▸ **Work task**
Pictures should not appear in the copy; the records themselves must be written out exactly.

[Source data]
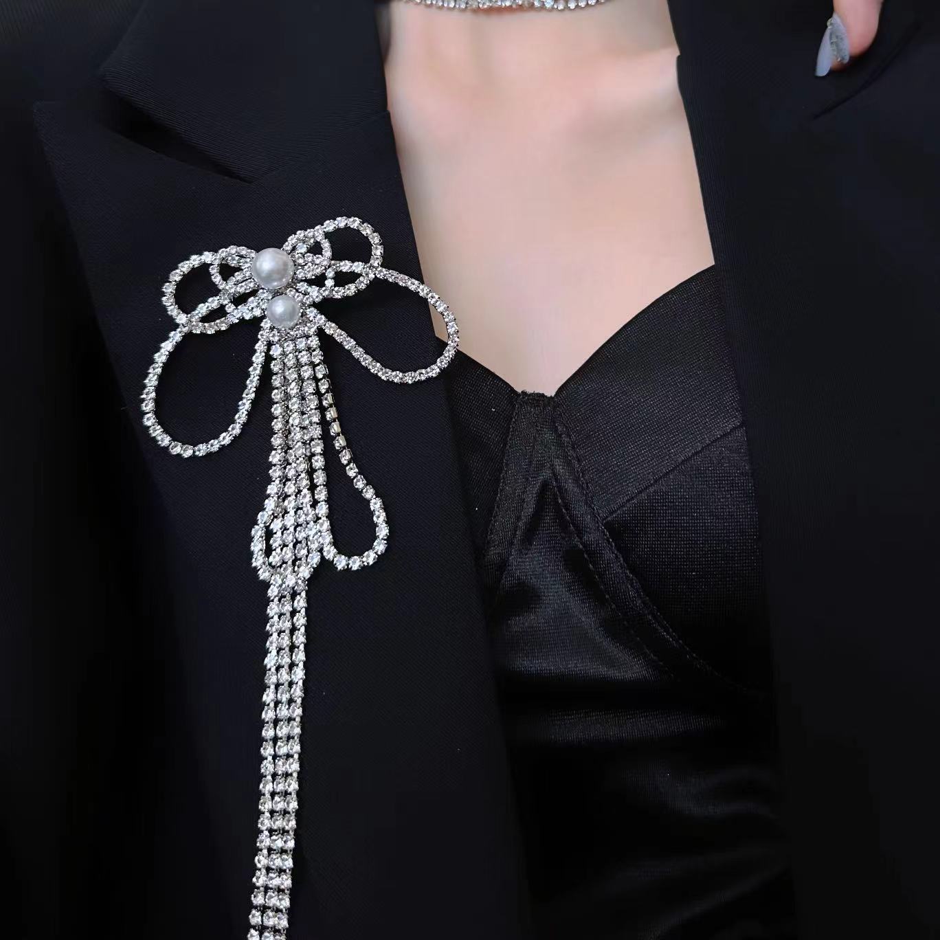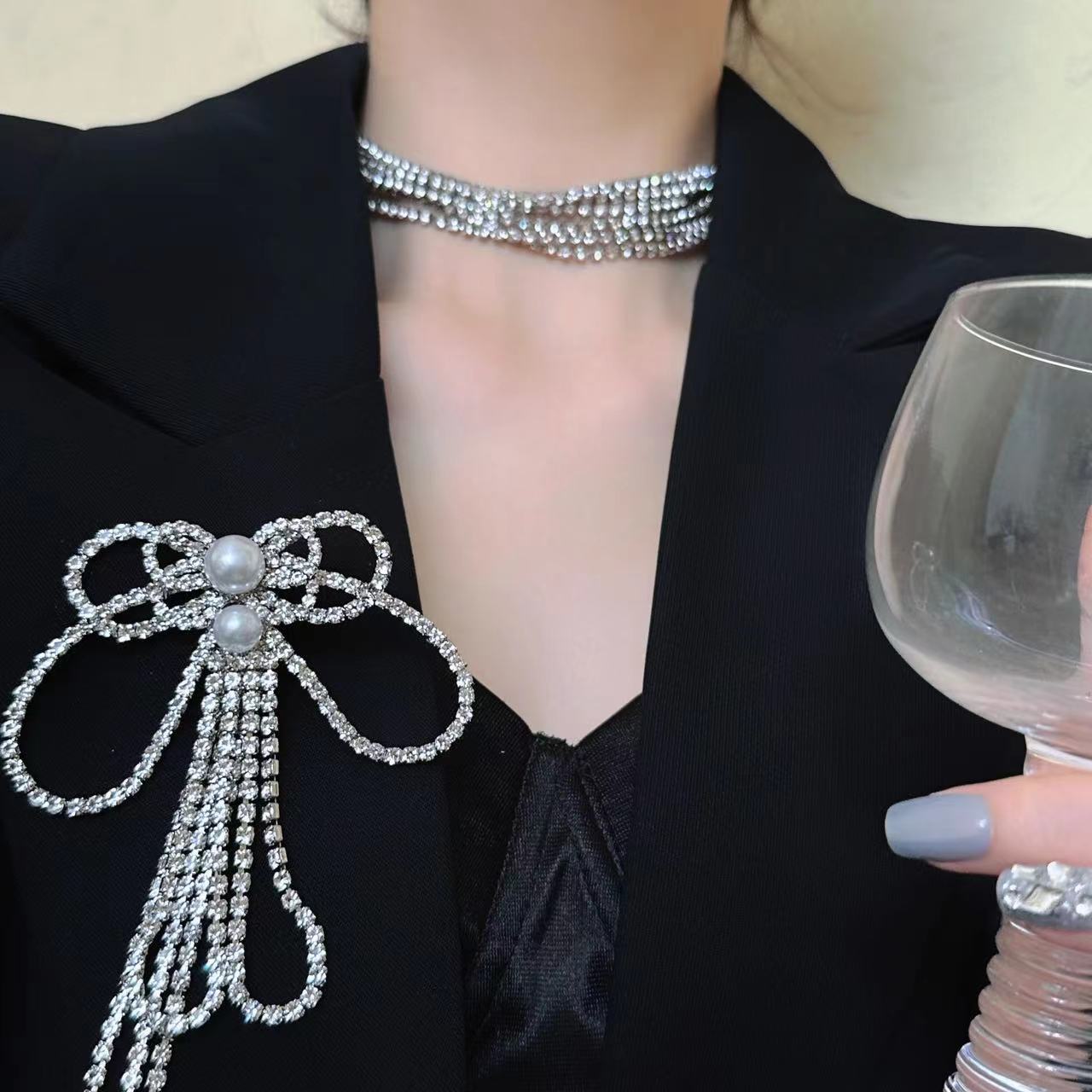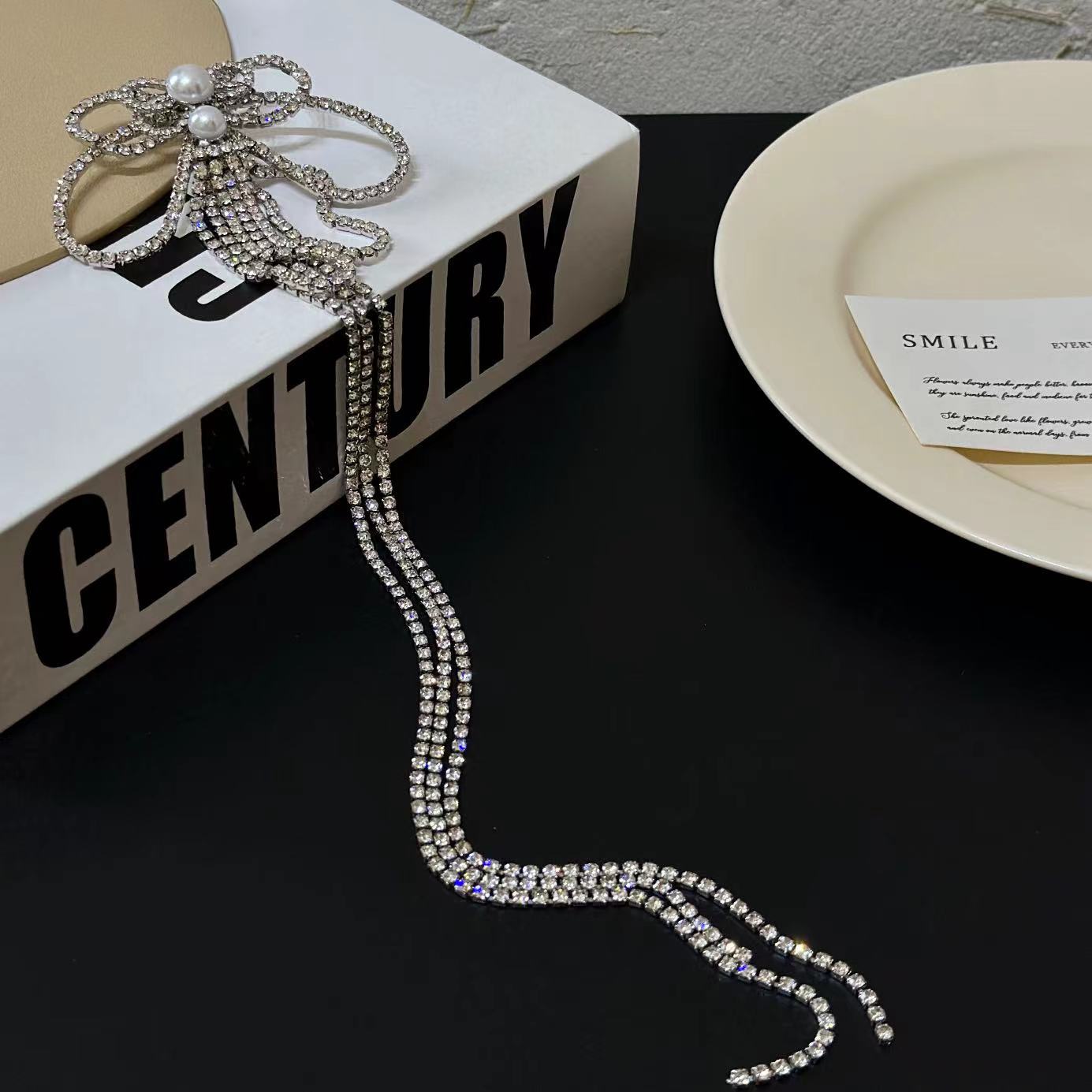 Collar multiusos con lazo de diamantes de lujo francés ligero para mujer, elegante cadena de clavícula de nicho, collar de moda de alta gama.
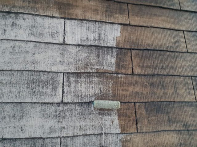 ↑傷み具合が激しい場合は このように濡れ色になりません😨😨屋根の下塗りは 基本的に“濡れ色になるまで”とされています😲😲! 濡れ色になって 初めて塗料の効果が発揮されるんですね!👀💡
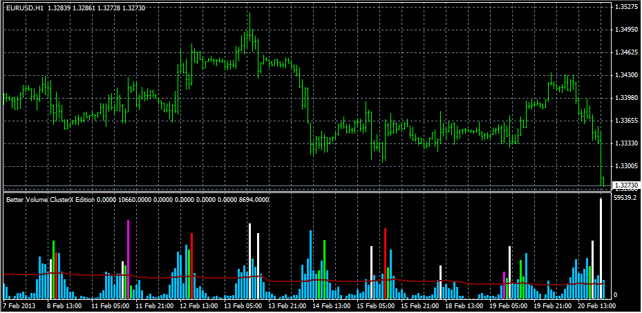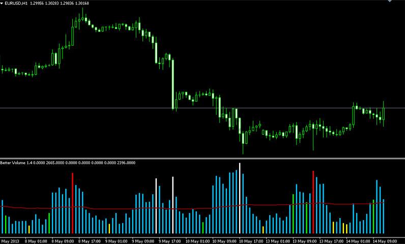 1) Одним из наиболее популярных считается Better Volume (скачать можно по ссылке выше), который наглядно отображает ситуацию, окрашивая столбцы в разные цвета. Трейдер может видеть, какие действия совершают маркет-мейкеры и следовать за ними. Для проведения анализа сравнивают тиковый объем и диапазон текущей свечи на ценовом графике, руководствуясь общими правилами анализа данных показателей.
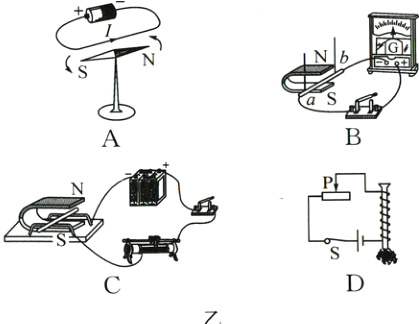 12. 市场上流行一款不需要电池的门铃,如图甲所示,其内部线圈固定,当按压门铃压板时,压板后面的弹簧带动磁体运动,线圈产生的电流使发声元件发出声音。图乙中能说明此原理的是( )
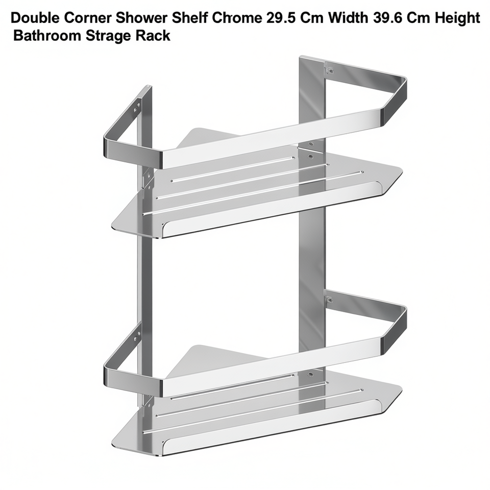 Étagère de douche d'angle double chromée, largeur 29,5 cm, hauteur 39,6 cm, support de rangement pour salle de bain
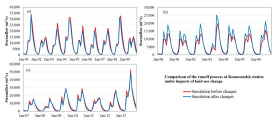 Comparison of the runoff process at Komsomolsk station under the impacts of land-use change: (a) 1991–1999, (b) 2000–2006, and (c) 2007–2013.
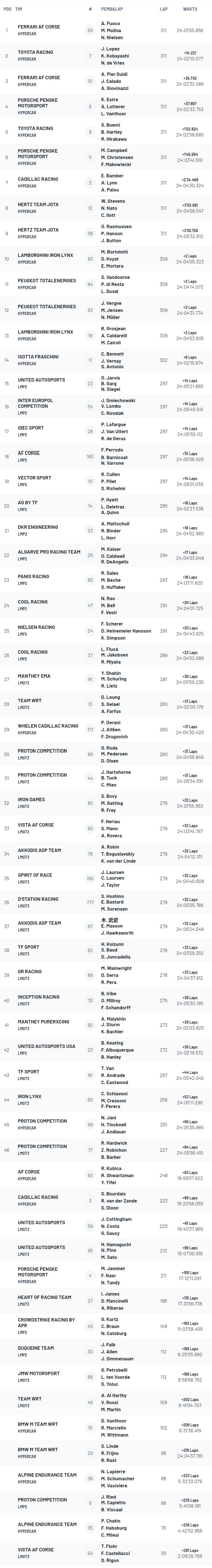 Hasil Le Mans 24 Hours 2024 :
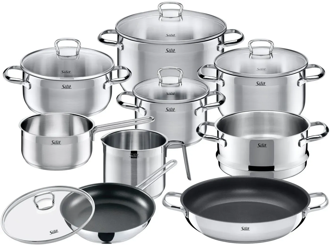 Verfügbarkeit: 1-2 Werktage - Kategorie: Töpfe - Silit - GTIN:4004633285458 - 8 Töpfe in verschiedenen Größen Ø24cm - 14cm 2 Pfannen Ø28cm & 24cm mit ergonomisch geformten Edelstahl-Griffen ausgestellter Schüttrand für problemloses Ausgießen SilitTherm-Allherdboden verteilt die Wärme gleichmäßig breiter Schüttrand für ein tropffreies Ausgießen - 183,49 Euro bei voelkner Marktplatz - gefunden von billiger.de ![]() kaufland.d e Silit Toskana Topfset Induktion 10-teilig, Kochtopf Set mit Glasdeckel, Milchtopf, Dämpfer, Pfanne, Edelstahl teilmattiert, Töpfe Set unbeschichtet
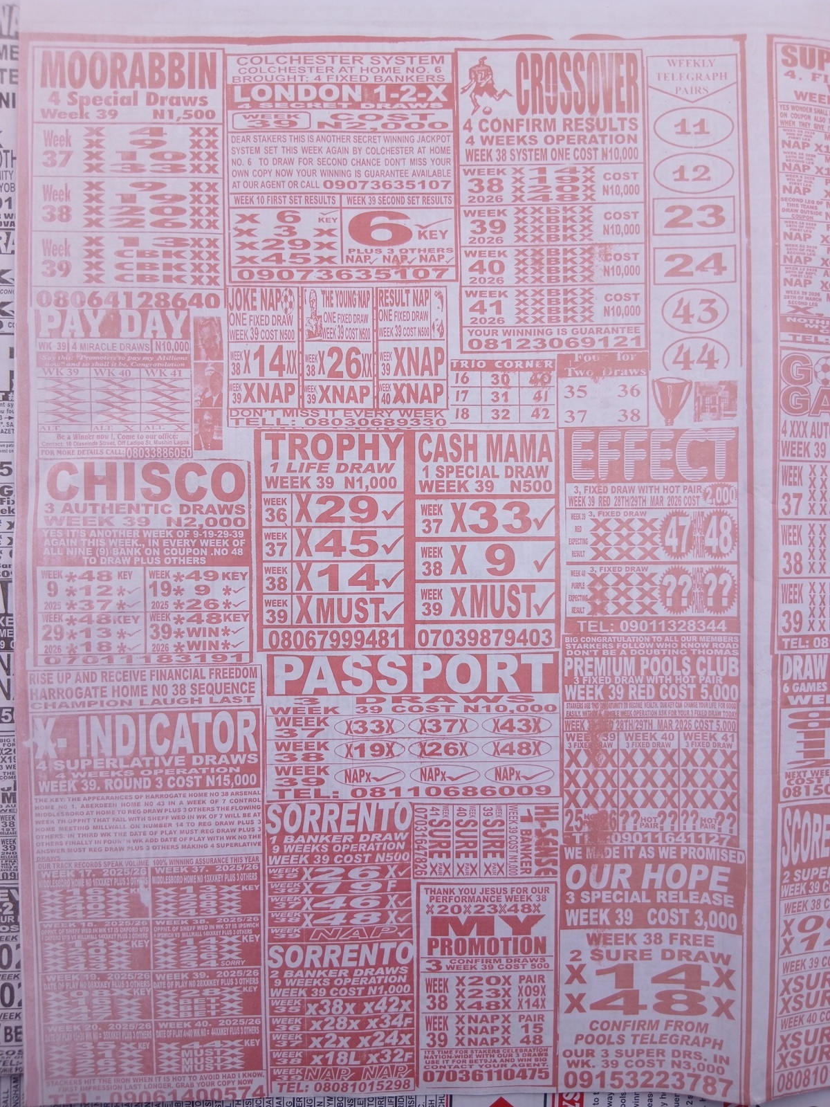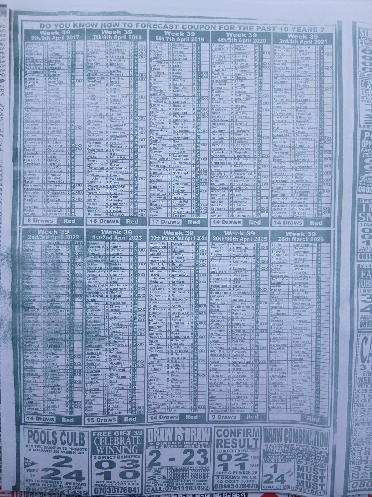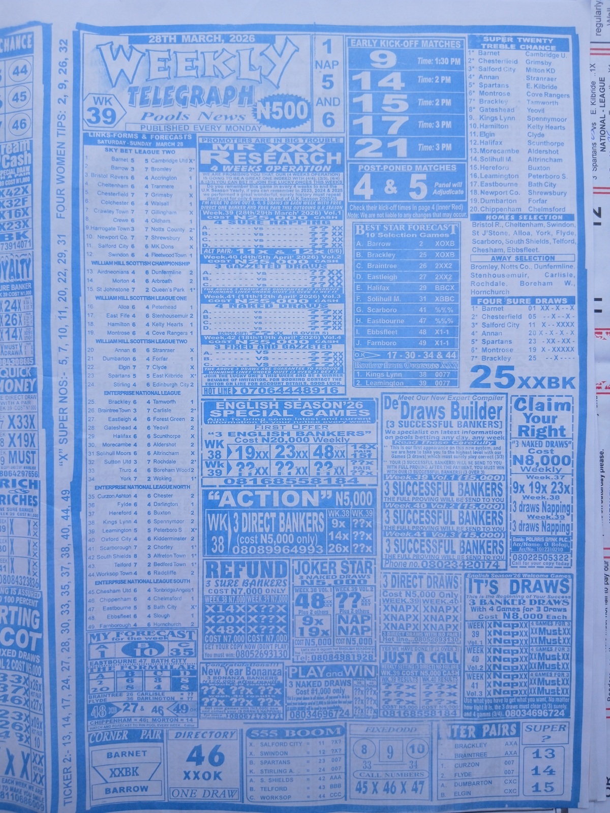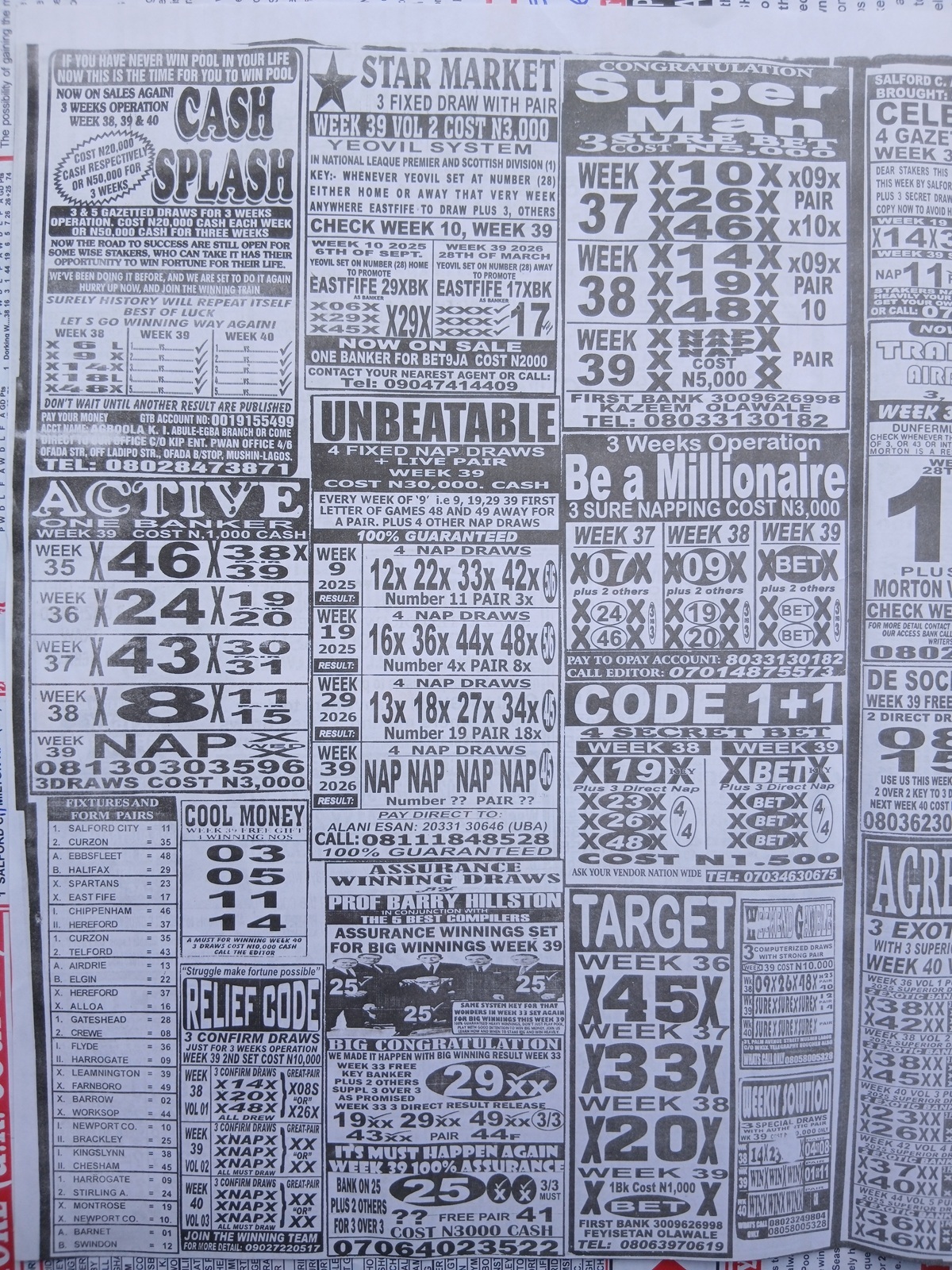 This is the total money you are betting with.Whether you’re chasing banker games, strong draws, or safe permutations, these Week 39 weekly Telegraph papers are designed to guide your strategy and maximize your potential returns. Stay informed, play smart, and take a confident step closer to winning this weekend.

▸ **Written solution**
 Collar multiusos con lazo de diamantes de lujo francés ligero para mujer, elegante cadena de clavícula de nicho, collar de moda de alta gama.
 ↑傷み具合が激しい場合は このように濡れ色になりません😨😨屋根の下塗りは 基本的に“濡れ色になるまで”とされています😲😲! 濡れ色になって 初めて塗料の効果が発揮されるんですね!👀💡
 1) Одним из наиболее популярных считается Better Volume (скачать можно по ссылке выше), который наглядно отображает ситуацию, окрашивая столбцы в разные цвета. Трейдер может видеть, какие действия совершают маркет-мейкеры и следовать за ними. Для проведения анализа сравнивают тиковый объем и диапазон текущей свечи на ценовом графике, руководствуясь общими правилами анализа данных показателей.
 12. 市场上流行一款不需要电池的门铃,如图甲所示,其内部线圈固定,当按压门铃压板时,压板后面的弹簧带动磁体运动,线圈产生的电流使发声元件发出声音。图乙中能说明此原理的是( )
 Étagère de douche d'angle double chromée, largeur 29,5 cm, hauteur 39,6 cm, support de rangement pour salle de bain
 Comparison of the runoff process at Komsomolsk station under the impacts of land-use change: (a) 1991–1999, (b) 2000–2006, and (c) 2007–2013.
 Hasil Le Mans 24 Hours 2024 :
 Verfügbarkeit: 1-2 Werktage - Kategorie: Töpfe - Silit - GTIN:4004633285458 - 8 Töpfe in verschiedenen Größen Ø24cm - 14cm 2 Pfannen Ø28cm & 24cm mit ergonomisch geformten Edelstahl-Griffen ausgestellter Schüttrand für problemloses Ausgießen SilitTherm-Allherdboden verteilt die Wärme gleichmäßig breiter Schüttrand für ein tropffreies Ausgießen - 183,49 Euro bei voelkner Marktplatz - gefunden von billiger.de ![]() kaufland.d e Silit Toskana Topfset Induktion 10-teilig, Kochtopf Set mit Glasdeckel, Milchtopf, Dämpfer, Pfanne, Edelstahl teilmattiert, Töpfe Set unbeschichtet
 This is the total money you are betting with.Whether you’re chasing banker games, strong draws, or safe permutations, these Week 39 weekly Telegraph papers are designed to guide your strategy and maximize your potential returns. Stay informed, play smart, and take a confident step closer to winning this weekend.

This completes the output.